In a photo taken shortly after their release by Hamas, five men looking weary and a little dishevelled hold up Thai flags for the camera.
After more than 15 months being held hostage, five Thai nationals – Sarusak Rumnao, Watchara Sriaoun, Sathian Suwannakham, Pongsak Thaenna, and Bannawat Saethao – were released on Thursday under the terms of a ceasefire deal between the militant group and Israel.
The handover in Gaza’s Khan Younis was chaotic as hundreds of people flocked to witness the five men, along with three Israeli hostages, leave the Gaza Strip.
But as the five Thai hostages stepped off a military helicopter and entered a hospital outside Tel Aviv, doctors and nurses cheered.
“Soon they will return to their families,” read a social media post by the Thai embassy in Israel.
Thousands of miles away in Thailand, their families wept tears of joy. “I was so happy that I could not eat anything. His father brought some food to me but I did not want to eat at all,” Surasak’s mother Khammee told The Associated Press, adding she thought that her son looked pale and puffy.
“It is confirmed, my son did not die. Thank you, God,” Watchara’s mother Sriaoun told AFP. “I will hug him when I see him. I want to see if his health is OK, I am worried about his health,” she added between sobs.
Watch moreThai hostages released by Hamas: A diplomatic success story
Doctors on Thursday said the men, all in their 20s and 30s, were in “fair” health, but had vitamin D deficiencies as they had been largely held underground and were not exposed to sunlight for extended periods of time.
During their time as hostages, they were fed “mainly pita bread and little protein dishes and vegetables”, and experienced some periods of extreme hunger, the director of Shamir Medical Center, Dr. Osnat Levtzion-Korach, told Israeli news source Haaretz. “Despite the hardships they endured, their mood is fine,” he added.
The five will now spend a few days undergoing medical tests and recuperating.
Foreign labour
Of the 31 Thai nationals taken hostage by Hamas in their October 7 attack, 23 were released in November 2023, one is still being held hostage, and two died, bringing the total death toll for Thai nationals during the Israel-Hamas conflict to 46.
All belonged to a community of around 30,000 Thai agricultural labourers working in Israel on short-term labour visas.
Many of these workers come from Thailand’s poorer regions, such as the northeast, and move to Israel for financial reasons. There, working on farms such as banana plantations they can earn around $1000 USD per month compared to less than $200 at home.
But most still earn relatively low wages by Israeli standards and often work in poor conditions, as they are unable to speak the local language.
A 2015 report from Human Rights Watch said Thai workers were often “paid salaries significantly below the legal minimum wage, forced to work long hours in excess of the legal maximum, subjected to unsafe working conditions and denied their right to change employers”.

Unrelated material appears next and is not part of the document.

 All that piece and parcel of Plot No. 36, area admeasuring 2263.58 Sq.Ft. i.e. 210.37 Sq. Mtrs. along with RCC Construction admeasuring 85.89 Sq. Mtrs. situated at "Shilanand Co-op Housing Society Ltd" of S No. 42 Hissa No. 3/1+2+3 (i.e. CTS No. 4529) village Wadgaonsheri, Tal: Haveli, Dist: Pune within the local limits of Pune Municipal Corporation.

Many also unwittingly work in danger zones. A 2020 report from Israeli labour rights organisation Kav LaOved noted that, near the Gaza Strip, Thai labourers could be “sent to work in the fields during times of conflict in the area, even when working in the fields is prohibited. They are not aware that they are not supposed to work as the Home Front Command’s local guidelines are published only in Hebrew.”
At the time of the Hamas attack, many Thai workers were living in compounds on the outskirts of southern Israeli kibbutzim and towns that were overrun by militants. Dozens were killed, despite not being Israeli targets.
“The Thai workers are innocent. They are not involved in politics, they have nothing to do with anyone’s conflict… they were just there to earn a living,” said Thailand’s Deputy Prime Minister and Foreign Minister Parnpree Bahiddha-Nukara.
Returning to work
In the wake of the attack, around 7,000 Thai agricultural workers were quickly repatriated, but numbers have since crept back up again. Israel is keen to welcome back its Thai workforce – which it used to replace its reliance on Palestinian labour after the 1987 Intifada – and pledged in January to open up visas for thousands more workers.
In July 2024, the Thai government also gave the green light for 309 workers to travel to Israel and work in designated safe zones, with the expectation that numbers would grow to 10,000 over the next year.
As of Thursday, there were more than 38,000 Thai workers in Israel, Thailand’s ambassador to Israel said.
Some, such as Jakkrit Noiphoothorn, also known as Thon, returned to Israel despite witnessing the October 7 attacks in person.
His employer Michael Huller, who also survived the attack, told The Times of Israel: “Thon came back because he has to make money and he still has his five-year visa. The king paid for a ticket home, so he went home to visit. And then he came back.”